EU’s fishing industry on ‘brink of suicide’ as Bluefin tuna face extinction in just three years
THE “king of sushi” — the bluefin tuna — could be forced into extinction in three years due to current catch rates.
Cod and anchovy might also join them, if the “suicidal” EU rulings allow fishermen to continue at the current levels.
Just two weeks into the official fishing season of Bluefin tuna in the Meditteranean and conservationists fear that the increasingly small size of adult fish caught means stocks will no longer be viable.
“The sector is overfishing and, if you like, committing suicide”
Bluefin has become such a sought after delicacy in the Far East that enormous prices are being paid for thir rich red meat.
Now European Commission officals have admitted five key failings in the EU’s Common Fisheries Policy as they prepared to tear up the idea of a centrally-dictated strategy.
They launched the search for an alternative, saying that much of the responsibility for fishing must be returned to EU member states.
One key failing that has led to the near-extinction of stocks of cod, bluefin tuna and anchovy is the “deep-rooted problem” of fleet overcapacity.
Campaign groups, such as Greenpeace, are arguing for a 40 per cent cut in the EU’s 90,000 vessels.
The Commission said that 88 per cent of EU stocks were overfished, compared with only 25 per cent worldwide.
Ministers from individual EU states were given much of the blame in the Green Paper.
They meet every December to set fish quotas and every year they override expert scientific advice, which, for example, has been calling for cod fishing to be closed in the North Sea to allow it to recover.
Last year 93 per cent of cod was caught before the fish were mature enough to reproduce. But a higher cod quota was set for this year, under pressure from member states.
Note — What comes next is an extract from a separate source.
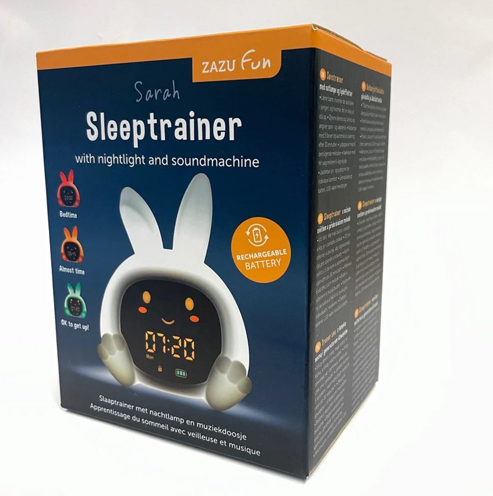 ZAZU Sarah er en sjarmerende og pedagogisk søvntrener som lærer barn forskjellen mellom natt og dag. Ved hjelp av fargeskiftende lys og åpne/lukkede øyne viser Sarah tydelig når det er tid for å sove og når det er greit å våkne.

One of the most senior European Commission fisheries officials added: “The sector is overfishing and, if you like, committing suicide.”
Spain has the biggest fleet in terms of tonnage, but its 11,350 boats are still outmatched by Greece, which has 17,350, and Italy with 13,700.
Aaron McLoughlin, head of the European Marine Programme at WWF, said: “The Commission have produced an admirably honest critique of a dysfunctional fisheries policy.”
He added that the successful fisheries of Alaska, New Zealand and Norway, based on long-term management plans for fish stocks and cuts in fleet capacity, could be copied in Europe.